Comments on Twitter, where admittedly all possible opinions can be found if you look hard enough, suggest that this is already done.  Certainly Spurs fan Hus rolls his eyes at the suggestion that we’re still in trouble.  “You won’t go down playing like that” is the unspoken implication and he’s right, of course.

But while we’re playing “like this” we’ve got to win winnable games.  We’re playing strong mid-table football at worst at the moment, but that’s on top of half a season of, loosely, relegation form.  We’ve pulled ourselves up with the pack and are probably no longer anybody’s favourites to go down.  We’ll probably be OK.  But probably and definitely aren’t the same thing.

Fortunately there’s a monstrous trip to Villa Park on Tuesday to focus everyone’s attention.  See you there.

Yooorns.

Foster 4, Mariappa 3, *Masina 4*, Dawson 4, Cathcart 3, Capoue 4, Chalobah 4, Doucouré 3, Sarr 4, Deulofeu 4, Deeney 4
Subs: Pereyra (for Chalobah, 79) NA, Pussetto (for Sarr, 89) NA, Holebas, Kabasele, Quina, Gray, Gomes

 

Comments»

1. Harefield Hornet - 19/01/2020

Have to confess the loss Sarr worries me a lot. Our recent upturn has been massively influenced by his wing play and assists. If he’s out for a while it’s difficult to see who can provide that as effectively?

2. David - 19/01/2020

Immense Masina was as close to perfection yesterday as any hornet could wish for. The team whilst not hitting the heights of recent performances (even accounting for top 6 opposition) where still very good but we have to keep knocking out those performances to hit 40 points. Only home games against Norwich and Newcastle look “odds on winnable”.

3. Graham - 19/01/2020

Excellent summary ase ever. But i’d give Cathcart at least 4, ‘cos you never mention him – he is so quietly effective. Week in week out, excellent standard, no mistakes, no injuries, no risky tackles, good reading of the game – he must be a joy to Pearson.

Matt Rowson - 19/01/2020

I think he’s tremendous. 3 mebbe harsh

RS - 19/01/2020

In which case I’d like to make the case for Aidy Mariappa; marauding overlapping full back…(even if he sets off during the previous attack – that is harsh 😉 ).

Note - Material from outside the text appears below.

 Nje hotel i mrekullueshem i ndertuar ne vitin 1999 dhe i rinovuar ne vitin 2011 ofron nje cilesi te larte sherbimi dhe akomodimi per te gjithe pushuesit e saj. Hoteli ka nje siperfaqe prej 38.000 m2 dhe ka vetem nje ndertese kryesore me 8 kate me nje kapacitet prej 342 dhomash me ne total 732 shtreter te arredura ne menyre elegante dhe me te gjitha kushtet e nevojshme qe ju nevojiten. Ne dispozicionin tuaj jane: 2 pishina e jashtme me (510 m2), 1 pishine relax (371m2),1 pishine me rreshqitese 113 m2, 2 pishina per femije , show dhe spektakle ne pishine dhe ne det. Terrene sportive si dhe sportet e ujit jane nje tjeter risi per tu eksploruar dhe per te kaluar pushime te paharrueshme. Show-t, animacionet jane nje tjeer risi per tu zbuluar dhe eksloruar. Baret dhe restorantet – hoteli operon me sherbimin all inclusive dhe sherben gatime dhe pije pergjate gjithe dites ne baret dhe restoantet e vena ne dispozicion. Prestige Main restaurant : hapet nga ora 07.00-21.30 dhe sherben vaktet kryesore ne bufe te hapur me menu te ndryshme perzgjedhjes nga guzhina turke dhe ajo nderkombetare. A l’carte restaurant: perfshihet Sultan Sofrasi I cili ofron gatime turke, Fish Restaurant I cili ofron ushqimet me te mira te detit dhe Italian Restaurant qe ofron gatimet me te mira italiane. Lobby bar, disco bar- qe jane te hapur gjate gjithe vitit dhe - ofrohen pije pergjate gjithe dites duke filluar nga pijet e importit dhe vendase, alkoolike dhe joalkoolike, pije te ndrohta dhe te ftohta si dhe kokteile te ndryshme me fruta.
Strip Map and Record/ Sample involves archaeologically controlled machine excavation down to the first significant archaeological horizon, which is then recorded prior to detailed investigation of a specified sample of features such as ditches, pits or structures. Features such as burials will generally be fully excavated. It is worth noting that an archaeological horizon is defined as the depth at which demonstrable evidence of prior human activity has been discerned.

Is there no end to that guy’s flexibility and endurance?

4. NickB - 19/01/2020

I missed the pre-match scarf thing, sadly, but I’d give the Spurs fans a decent amount of credit for their efforts on 72 minutes.

5. heftiehornet - 19/01/2020

Matt, great report and will be at Villa hoping for our first home and away double. Like you I have been watching Chalobah steadily improve rather than writing him off but the recent improvement must be credited to Pearson et al. I used to frequent the Ship in the 80s – good choice!

Matt Rowson - 19/01/2020

😊 There are two Ships. Bromham Road or St Cuthbert Street?

6. JohnF - 20/01/2020

Did anyone see exactly what happened with the Doucs altercation as he doesn’t normally react like that. We were close but I missed the start, it being off the ball. He was booked but at least two Spurs players should have been booked as well. Vertongen appeared to have hold of his throat.

A hard fought game. It was interesting that both sets of players looked absolutely shattered at the end. We creep towards safety.

7. heftiehornet - 20/01/2020

Matt, sorry for the late response – St Cuthbert Street.

Matt Rowson - 20/01/2020

Yes, that’s the one, though you wouldn’t recognise it if you’ve not been recently. Used to be our haunt in the mid-late nineties, a fine establishment.